Utah conservative: GOP should 'end slavery from the federal government'
Mia Love ponders her next political move after a failed congressional campaign.
Mia Love, the Republican mayor of Sarasota Springs, Utah, wowed conservatives in Tampa at the Republican National Convention this summer. After a failed fall campaign that resulted in losing a congressional race to Democratic Rep. Jim Matheson, she's again making an appeal to conservatives.
"I will stay -- I don't know what I will be doing -- but I promise you I will stay in this fight to make sure our children have a prosperous future," Love said Sunday at the National Review Institute summit in Washington.
Asked whether she is considering running for Congress again, Love told National Journal she has not decided. "I'm keeping my options open," she said in an interview.
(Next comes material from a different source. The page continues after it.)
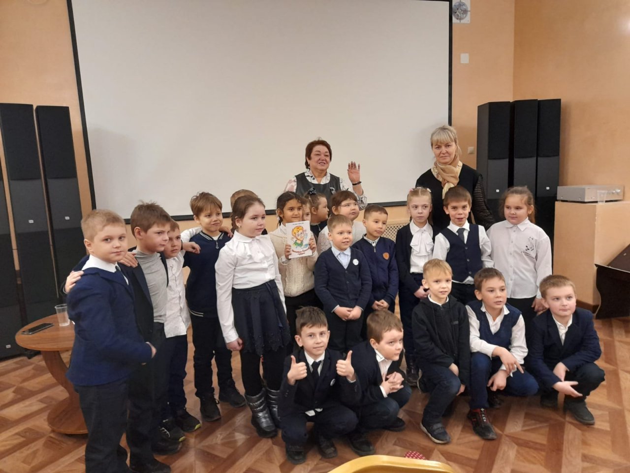 Галина Валентиновна - наша землячка. Сейчас она работает в библиотеке «Проспект» МУ ЦБС города Липецка. Она рассказала, о том, что в ее библиотеке есть студия «Воскресная акварель», где под руководством художника Ирины Леонидовны Чемякиной дети рисуют интересные образные работы. Студийцы вызвались нарисовать иллюстрации к книге Галины про Ежикова, которая получила такую высокую награду в этом году. Первоклашки смогли полюбоваться этими рисунками на большом экране в зале Дома музыки, активно участвовали в обсуждении и задавали свои вопросы. Встреча прошла тепло, и малыши уходили с улыбками.

In her brief speech, Love embraced core conservative principles and offered advice on how the party should rehabilitate its image after the failed campaigns of 2012--a key theme at the weekend-long conference.
"We need to remind everyone that the GOP was originally formed to end slavery. … We're trying to end slavery from the federal government," she said.
At a conference that focused heavily on the Republican Party's need to update its message and change its tone so that it can win national elections, Love, who is black, represents a deep bench potential candidates who can sell the GOP's message to minorities, who vote overwhelmingly for Democrats.
Love lost to Matheson by just over 1 percentage point in November in deeply conservative Utah.